In their mouse study, the team found that blocking the p38MAPK molecule reprograms the tumor region, making it more vulnerable to attack by immune cells — T cells and macrophages — and signaling molecules called antitumor cytokines. Then, with therapy with an OX40 agonist that binds and activates T cells, the shrunken tumor was destroyed.
Thanks to the increased activity of T-cells and macrophages, a “dream team” to fight cancer has appeared. It also allowed for long-term immunological memory, as macrophages continued to show T cells recognizable fragments of dead tumor cells called cancer antigens, ensuring that the T cells quickly attack and destroy any neoplasms.

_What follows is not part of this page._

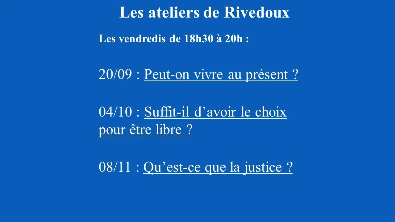 Voici les prochains ateliers philo à la bibliothèque de Rivedoux-Plage, les vendredis de 18h30 à 20h :
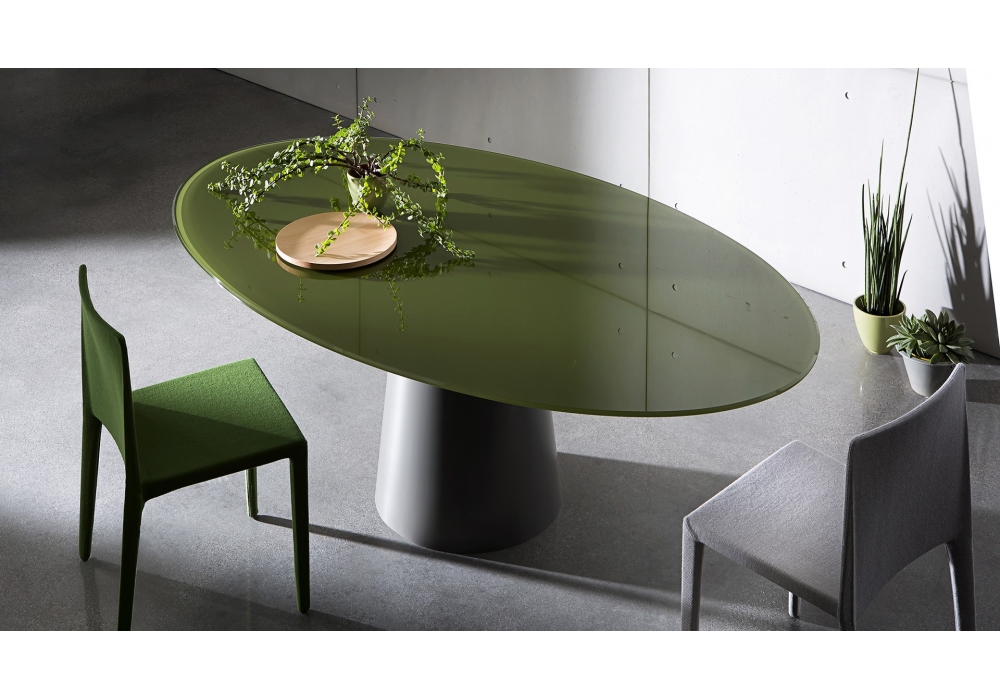 Totem von Studio Sovet für Sovet entworfen, ist ein Elliptisch Tisch mit Metallfuß und Platte aus Glas oder Keramik . Verfügbar in mehreren Ausführungen und Abmessungen.

Reassuringly, all dual-treatment mice were alive and tumor-free at 80 days post-treatment. Those who received only one of these two treatments had a 50% survival rate at 60 days.
“If we acted on the microenvironment to make it more sensitive to T cells, and at the same time pressed on the T cells, then all mice got rid of metastatic tumors,” Stewart said. “If we returned two weeks later and again subjected mice to those “But the tumor cells, their immune systems were able to clear those cells as well. It looks like their immune systems have developed a long-term memory and know how to attack these returning cancer cells. The mice look like they’ve basically been vaccinated against cancer.”
“We hope that our study will be of interest to the companies that make these drugs so that we can work on the creation of clinical trials in which this strategy will be studied in patients,” Stewart said.
Focus has previously written about salvation for women. Researchers at the Cleveland Clinic have begun the next step in vaccine research aimed at preventing the most aggressive and lethal form of breast cancer.